In seriousness, it looks fun. It may not be particularly cerebral, but it's got to be better than Michael Bay's *Transformers*, which is the sort of film it's going to be compared to. That and *Cloverfield*, which it already has my vote over (eugh, shaky-cam).


----------



## Connavar (Dec 14, 2012)

Foxbat said:


> As much as I rate Del Toro highly as a director, he's not immune to making tripe.
> 
> _Exhibit A:_ *Mimic*....simply not a good movie.
> 
> I agree alien invasion movies are getting tiresome due their quantity in recent years but* I'll reserve judgement on Pacific Rim until I've seen it for myself.*



This is my point because no one is safe from making a bad film now and then but i trust Del Toro older works that was awesome action films or creative horror,fantasy.  I will look forward to this because i hope to see a good action film fun one.


----------



## Rodders (Dec 14, 2012)

I'm looking forward it. As long as the story isn't carried by set piece over mindless set piece, like Transformers, it'll be a fun ride


----------



## Dave (Dec 14, 2012)

I do like Pans Labyrinth. If this is 'just another alien invasion film' in the same way that that was 'just another second world war film', then you have a valid point. Unfortunately, I just watched the trailer like everyone else.


----------



## Teresa Edgerton (Dec 15, 2012)

I saw the trailer for Pacific Rim when I was at the theater.  As is the way of trailers, it was hard to discern the plot; it was just action, action, action.


----------



## alchemist (Dec 15, 2012)

Any parents out there know Big Guy and Rusty?

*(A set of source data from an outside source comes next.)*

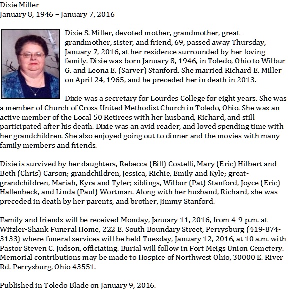 Miller, Dixie - Obituary, Witzler Shank Funeral Home, Perrysburg, OH Published in Toledo Blade; 01/09/2016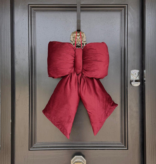 Maroon Red Velvet Plush Bow: Burgundy Door, Tree & Christmas Decor
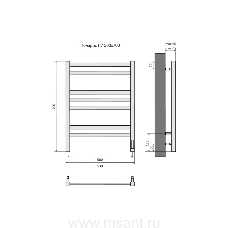 Полотенцесушитель электрический Aquatek Поларис П7 500х700 мм хром
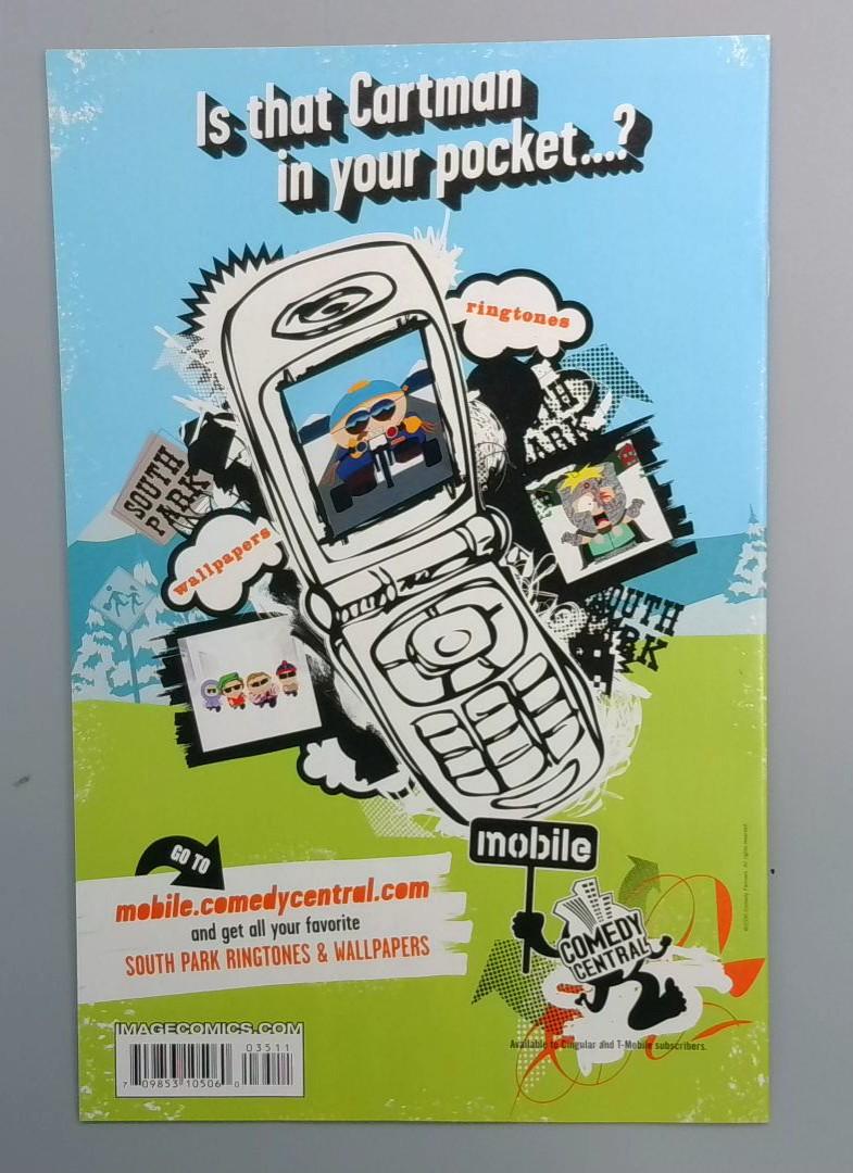 The back cover features a South Park promotional advertisement for mobile ringtones and wallpapers from Comedy Central, reflecting the early 2000s comic book market era.

Looked good until the action figur-- sorry, the mega-sized Power Rangers. However, I will also reserve judgement, based on the del Toro factor.


----------



## REBerg (Oct 31, 2013)

Just watched this film on disc, and I was pleasantly surprised.

When I saw the first trailers, I thought that the whole monsters vs. giant robots thing was pretty hokey. All comparisons to classic Japanese monster films, _Transformers_ and _Power Rangers_ aside, I found _Pacific Rim_ to remarkably entertaining -- somewhat reminiscent of the first _RoboCop_ and original _Starship Troopers_, without the graphic violence found in both of those Paul Verhoeven offerings.

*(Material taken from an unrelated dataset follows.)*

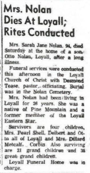 Survivors include his wife; two sons, Otto Nolan and Delbert Nolan, Pine Mountain; two daughters, Mrs. Pearl Shell and Mrs. Dillard Metcalf, Loyall; and 20 grandchildren.

While _Pacific Rim_ special effects (which are stunning) definitely take center stage, the movie incorporates a lot of redeeming elements, including likable characters, humor, self-sacrifice and even a touch of romance. Of course, the willing suspension of disbelief required to enjoy most scifi experiences must be fully engaged.

Have the descendants of Earth dinosaurs been lying in wait until man-made climate changes rendered the planet ripe for inter-dimensional invasion? Should we expect these bad boys to be equipped with running lights and EMP capability? Are giant, two-man, rock-em-sock-em robots defending coastal cities really a better choice than tactical nukes deployed at the source?

Does anyone really care?


----------



## Juliana (Nov 9, 2013)

Just watched this; thought it was a lot of fun. But then, I grew up in 80's Brazil when there wasn't a lot on TV but endless episodes of Ultra Man, Ultra Seven, Spectreman etc. So kind of took me back to my childhood!


----------



## Rafellin (Nov 9, 2013)

Excellent Del Toro rehash of Independence Day.

Both films being favourites of mine, but the 'cancelling the apocalypse' speech falls to the 'we will not go quietly' one from ID4.


----------



## neopeius (Nov 10, 2013)

Just saw.  Good characters.  Excellent female character.  The premise makes zero sense by the movie's own rules.  Oh well.


----------



## J Riff (Nov 13, 2013)

The entire ridiculous plot happens in the 1st five minutes, then a couple of fast forwards here and there and its a decent giant robot slugfest.


----------



## Tower75 (Nov 13, 2013)

Surprisingly, I liked it. One of my major dislikes of the film though, is the desire for the pilots to box with the aliens. Serious, these giant robots have got plasma cannons, missiles, and a whole array of weaponry to pick from, they've even got melee weapons for when the stuff hits the fan, so why do they feel content to close in and trade blows with an alien the size of a building?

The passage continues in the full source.